Home Depot representatives also came in search of college graduates -- not necessarily with business degrees -- for a management program in which trainees can move after two years to an assistant store manager job -- and a salary range of $35,000 to $45,000, said Edie Tilley-Stern, the chain's Baltimore-based regional human resources manager.
"It's tough work, but if you're looking for a challenge and an
opportunity to grow, the sky's the limit," Tilley-Stern said.
Retailers at the event at Martin's West, sponsored by Maryland Retailers Association, included chains such as Sears Roebuck and Co., Safeway Inc., Ikea, Circuit City Stores Inc. and Home Depot. All took applications and conducted interviews on site. Nearly 400 job-seekers had come through the doors by mid-afternoon.
Vanessa Marshall, 38, of West Baltimore sat at a table filling out her 10th job application. She applied at Sears, Macy's, Hecht's, Home Depot and Circuit City, among others, and felt sure of leaving with more than one solid job prospect. After all, she had two highly sought-after qualifications, retail experience and enthusiasm for a field she said she missed.
"They have plenty of positions open," she said. "Something's going to come of this."
Other applicants came into the job fair seeking temporary employment, but said after hearing retailers' sales pitches that they would consider longer-term retail careers.
"Most have real nice benefits," said Diane Marner, 37, of Woodlawn, a dietitian whose job had been cut. "If I were to find something I like it could be a change of career," she said.
Retail has suffered more than other industries from a shortage of quality labor, said Steve Cochrane, a senior economist with DTC Regional Financial Associates in West Chester, Pa.
"It has partly to do with the fact that there are so many employment opportunities in so many other industries right now, many that pay better than retail," he said, adding that when it comes to finding management candidates, "there are fewer college grads out there than when the baby boomers were getting out of college. And they are graduating into an economy that's as strong as it's been for years."
In Maryland in July, for instance, the pool of unemployed workers numbered 130,266 -- 10.3 percent fewer than in July 1997, according to Regional Financial Associates. In Maryland, where 430,000 retail employees account for about 20 percent of the state's labor force, retail employment has grown an average of 1.5 percent over the past five years, a little more slowly than state employment as a whole, according to the U.S. Labor Department.
Retailers also feel the worker shortage more acutely than other industries because "the retailing sector has not done as good a ** job as it needs to do to make the case for retailing as a career, said Leonard Berry, director of the Center for Retailing Studies at Texas A&M; University, the nation's largest business school with a retailing program.
"On too many college campuses for too long, retailing has been a stepchild, not as glamorous as working in investment banking or manufacturing or financial services. Yet, in a very real sense, retail is where the action is," Berry said.

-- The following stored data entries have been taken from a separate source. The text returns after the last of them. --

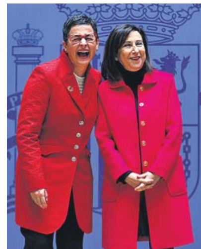
Las ministras de Exteriores y Defensa, Arancha González y Margarita Robles.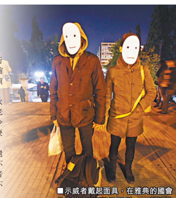
■示威者戴上面具，在雅典的國會外抗議總理玩政治鬧劇。路透社

一名失業逾1年的青年表示，民眾受緊縮折磨，帕氏還在國會上微笑，稱公投計劃是個笑話；他怒說：「現時不是說謊笑話的時候，他不能拿民生來開玩笑。」有示威者稱民眾已對政府絕望，不論執政社會黨或是新民主黨也不可靠，批評議員只會自保。■路透社/《華爾街日報》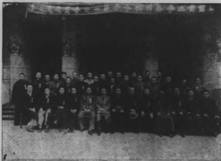
本會第一屆理事監事就職合影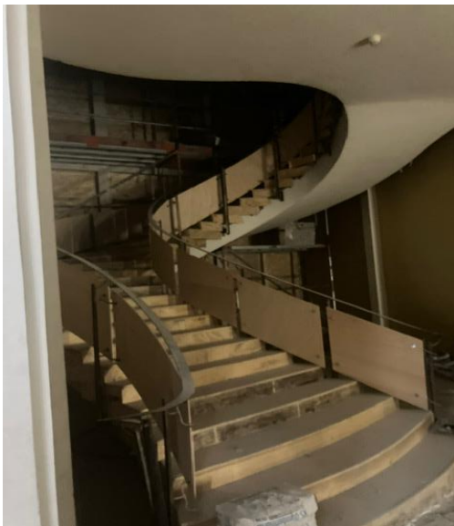
Umbau der Kinderbibliothek

Der offizielle Beginn der baulichen Sanierung war der 20.03.2023 – der Umbau ist noch nicht abgeschlossen.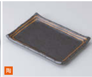
135-104-472 1,650円 黒ライン7.0長角皿 (20.3×14.3×2.3) 512540247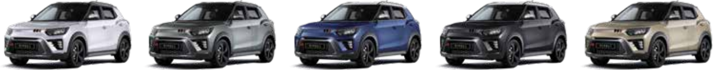
바디컬러/아웃사이드 미러 그랜드 화이트 2WA 루프/리어 스포일러 블랙 바디컬러/아웃사이드 미러 플라즈마 새도우 2DL 루프/리어 스포일러 블랙 바디컬러 덴디 블루 2BS 루프/리어 스포일러/아웃사이드 미러 화이트 바디컬러 스페이스 블랙 2LA 루프/리어 스포일러/아웃사이드 미러 화이트 바디컬러/아웃사이드 미러 라떼 그레이지 2BL 루프/리어 스포일러 블랙

* 투톤 익스테리어 패키지는 V3/V7트림에서 선택 가능 * 투톤 익스테리어 패키지 적용 시 세이프티 선루프 적용 불가 * 블랙 루프 선택 시 아웃사이드 미러 컬러는 바디컬러가 적용되며, 화이트 루프 선택 시 아웃사이드 미러 컬러는 화이트가 적용됨 * 본 가격표에 수록된 제품의 색상은 인쇄된 것이므로 실제 색상과 다소 차이가 있을 수 있습니다.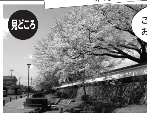
結城小学校築地塀

"We can tell in our interaction with major retail companies from throughout the nation that they are hungrier for people than ever in my memory," Berry said. "It's a major issue, not just today but tomorrow. Who will mind the store?"
Retailers have begun recognizing the need to become more competitive, especially in salaries, said Bruce VanKleeck, vice president of member services for the National Retail Federation.

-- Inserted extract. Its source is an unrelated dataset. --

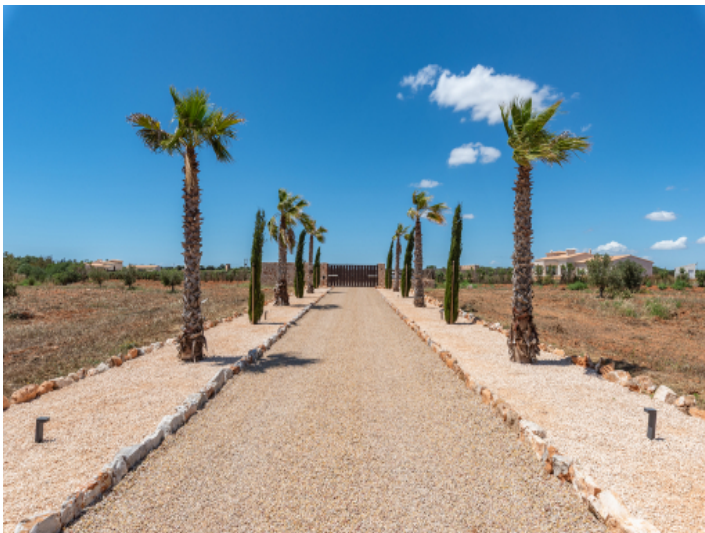
Repräsentative Zufahrt zum Anwesen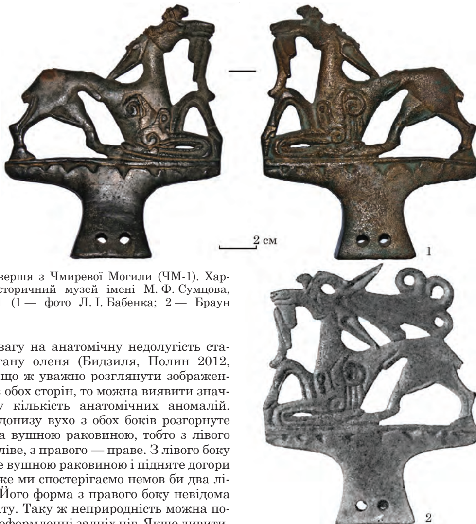
Рис. 3. Навершя з Чмиревої Могили (ЧМ-1). Харківський історичний музей імені М. Ф. Сумцова, Арх 149/111 (1 — фото Л. І. Бабенка; 2 — Браун 1906)

звернув увагу на анатомічну недолугість статевого органу оленя (Бидзиля, Полин 2012, с. 260). Якщо ж уважно розглянути зображення оленя з обох сторін, то можна виявити значно більшу кількість анатомічних аномалій. Опущене донизу вухо з обох боків розгорнуте до глядача вушною раковиною, тобто з лівого боку воно ліве, з правого — праве. З лівого боку розгорнуте вушною раковиною і підняте догори вухо — отже ми спостерігаємо немов би два лівих вуха. Його форма з правого боку невідома через втрату. Таку ж неприродність можна побачити і в оформленні задніх ніг. Якщо дивитися на оленя зліва, то ліва нога буде відставлена назад, а права — висунута вперед. З правого боку розміщення ніг протилежне — відставлена назад права нога, просунута вперед — ліва. Скоріш за все, так само недолуго оформлені і передні ноги, хоча через схематизм їх зображення не можна стверджувати це напевно. Разом з цим для навершя характерна висока чіткість рельєфу ряду елементів — задніх ніг, яким притаманна, можливо, найбільш висока природність, борода тощо. Серед інших це навершя вирізняє і зовнішній вигляд рельєфного знаку на плечі та лопатці, що найближчий до природного прототипу (докладніший аналіз знаків див. нижче).

The trade group's 1997 survey of the specialty store industry show store managers earning an average $30,176, with managers of high volume stores with sales in the range of $4 million to $10 million earning an average $48,000. A manager of a department store typically can earn at least $100,000, he said.
"I would bet those salaries have increased because of competition in the workplace, even during the last year," he said. "The industry has become extremely competitive."